[Collected data entries]
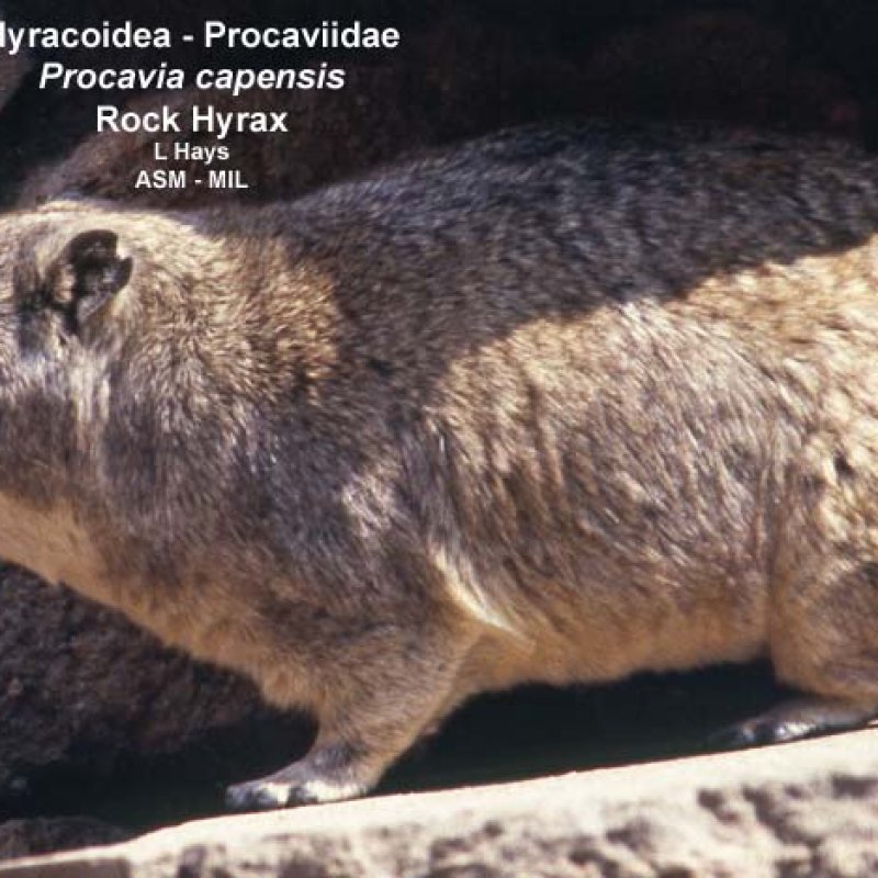 Front quartering view of adult. Also as Yellow-spotted Rock Hyrax.
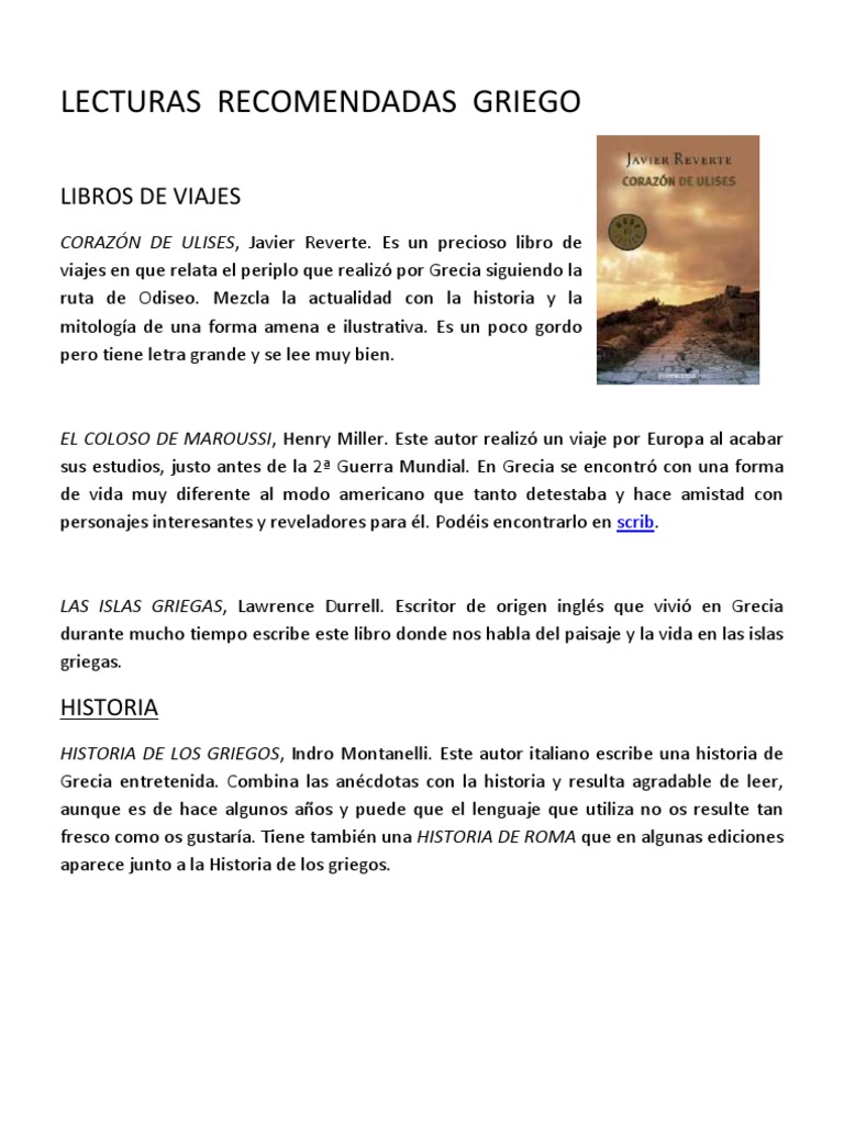 CORAZN DE ULISES, Javier Reverte. Es un precioso libro de viajes en que relata el periplo que realiz por Grecia siguiendo la ruta de Odiseo. Mezcla la actualidad con la historia y la mitologa de una forma amena e ilustrativa. Es un poco gordo pero tiene letra grande y se lee muy bien.
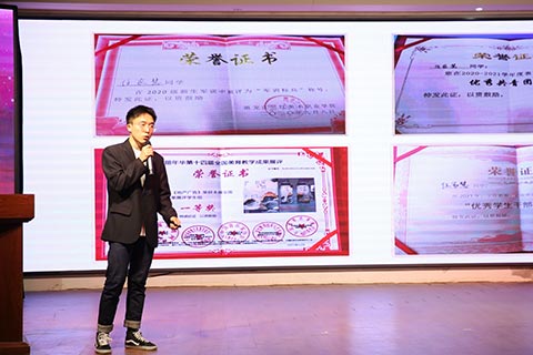 数字传媒系2020级数传专业任佳慧同学在汇报中展示了他本学期在工业设计产品草图、建模,版式设计、包装设计、ui设计方面的创作成果,他能够熟练操作3D打印机,打印自己设计的作品,完全实现了作业变作品、作品变商品的过程。任佳慧同学在本期汇报会评比中被评为第一名。
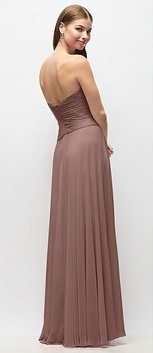 Strapless Pleated Surplice Chiffon Maxi Dress with A-Line Skirt in sienna
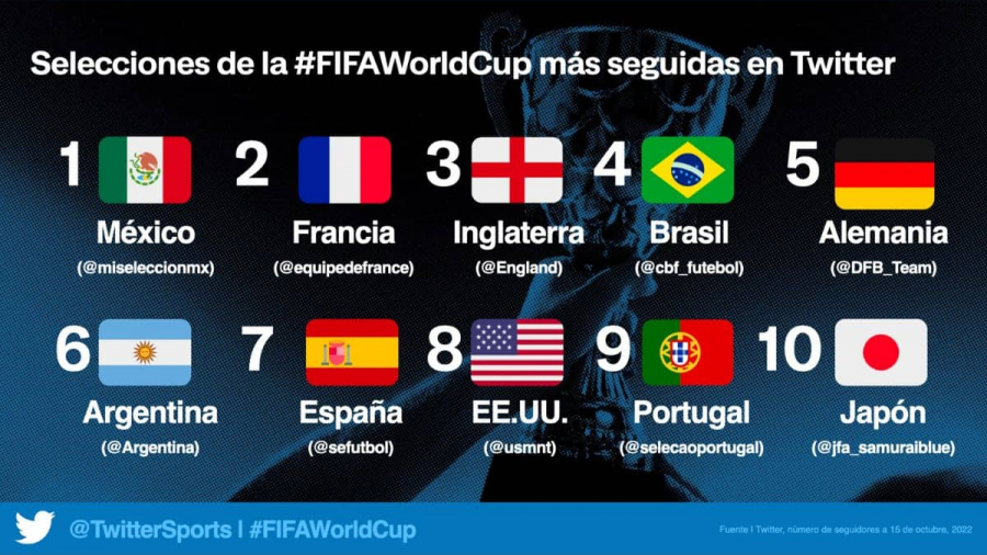 “Con el Mundial de Qatar a la vuelta de la esquina, las conversaciones sobre fútbol en Twitter se están disparando y conforme llegue el momento del juego, el rugido de los aficionados de todo el mundo se dejará sentir aún más. Aunque las jugadas más épicas tendrán lugar en el campo, el partido cobra vida en Twitter. El Mundial será uno de los acontecimientos deportivos más importantes del año, así que para todos aquellos aficionados que quieran conectar con los grandes momentos de la competición, Twitter será el lugar donde conectar”.
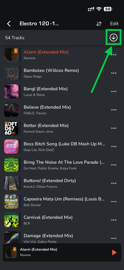 3. An orange indicator will appear next to the playlist name once the download is complete.
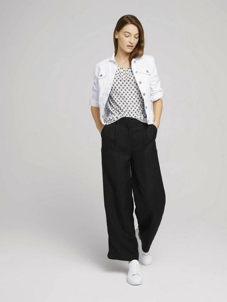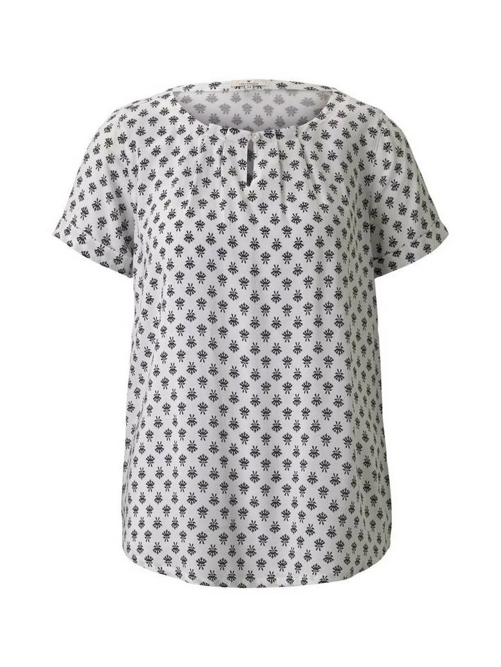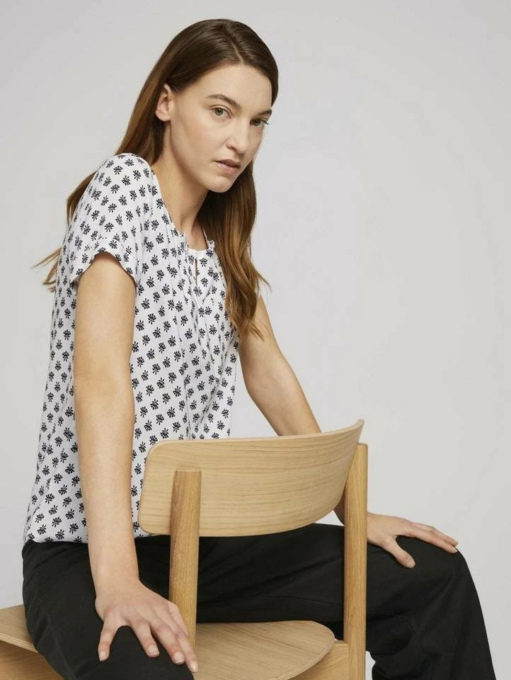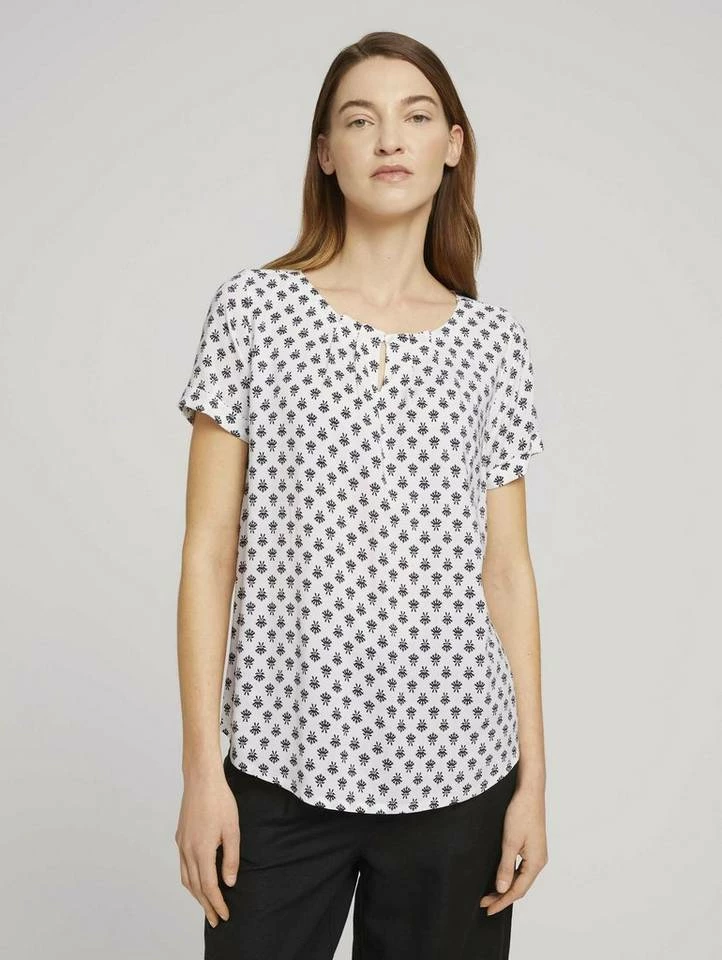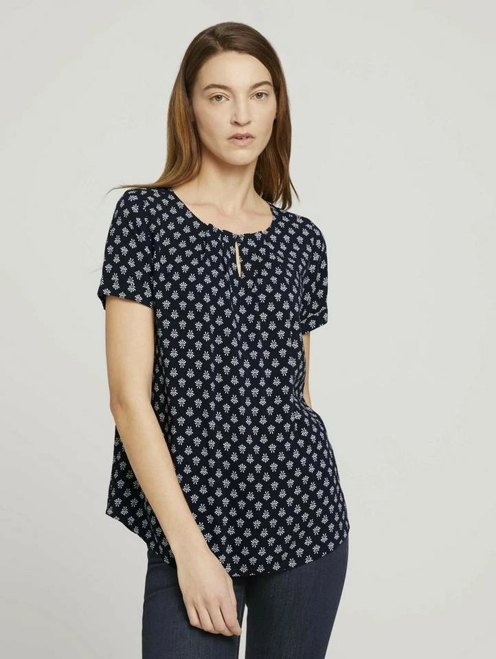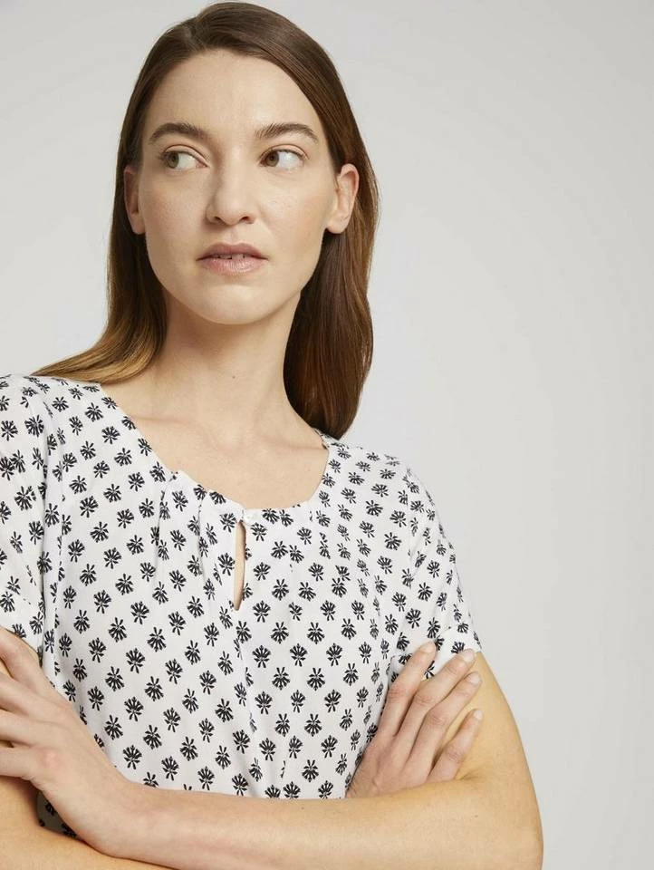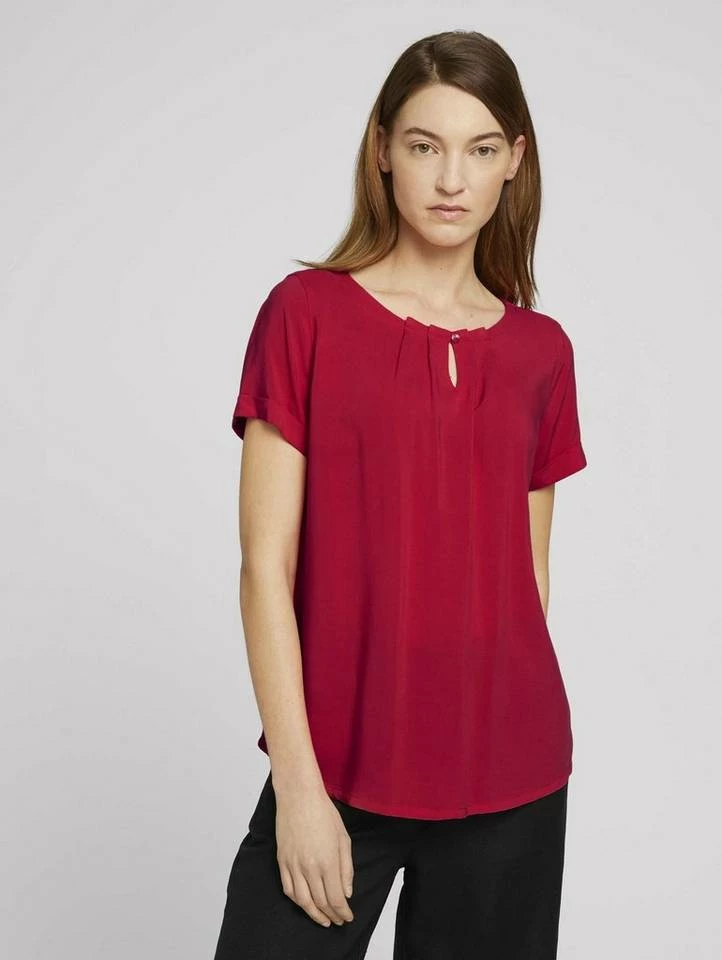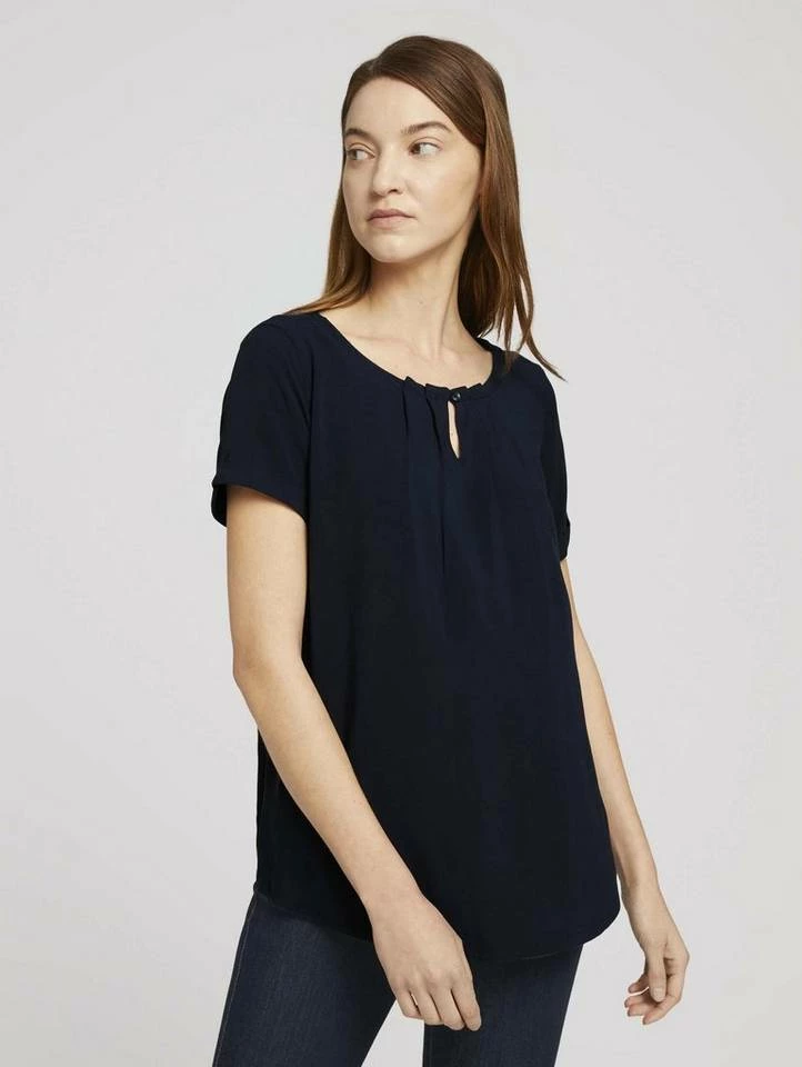 Kurzarmbluse mit Faltendetail für Frauen (kurzärmlig mit Rundhalsausschnitt und Knopfverschluss) aus fließender Viskose, Faltenlegung am Ausschnitt, fixierter Ärmelaufschlag

- [WHAT IS REQUIRED]
Your copy should hold exactly the lines from the line bearing "el Mundial de" through the end of the data, both included, and no pictures or anything further.

- [EXERCISE SOLUTION]
 “Con el Mundial de Qatar a la vuelta de la esquina, las conversaciones sobre fútbol en Twitter se están disparando y conforme llegue el momento del juego, el rugido de los aficionados de todo el mundo se dejará sentir aún más. Aunque las jugadas más épicas tendrán lugar en el campo, el partido cobra vida en Twitter. El Mundial será uno de los acontecimientos deportivos más importantes del año, así que para todos aquellos aficionados que quieran conectar con los grandes momentos de la competición, Twitter será el lugar donde conectar”.
 3. An orange indicator will appear next to the playlist name once the download is complete.
 Kurzarmbluse mit Faltendetail für Frauen (kurzärmlig mit Rundhalsausschnitt und Knopfverschluss) aus fließender Viskose, Faltenlegung am Ausschnitt, fixierter Ärmelaufschlag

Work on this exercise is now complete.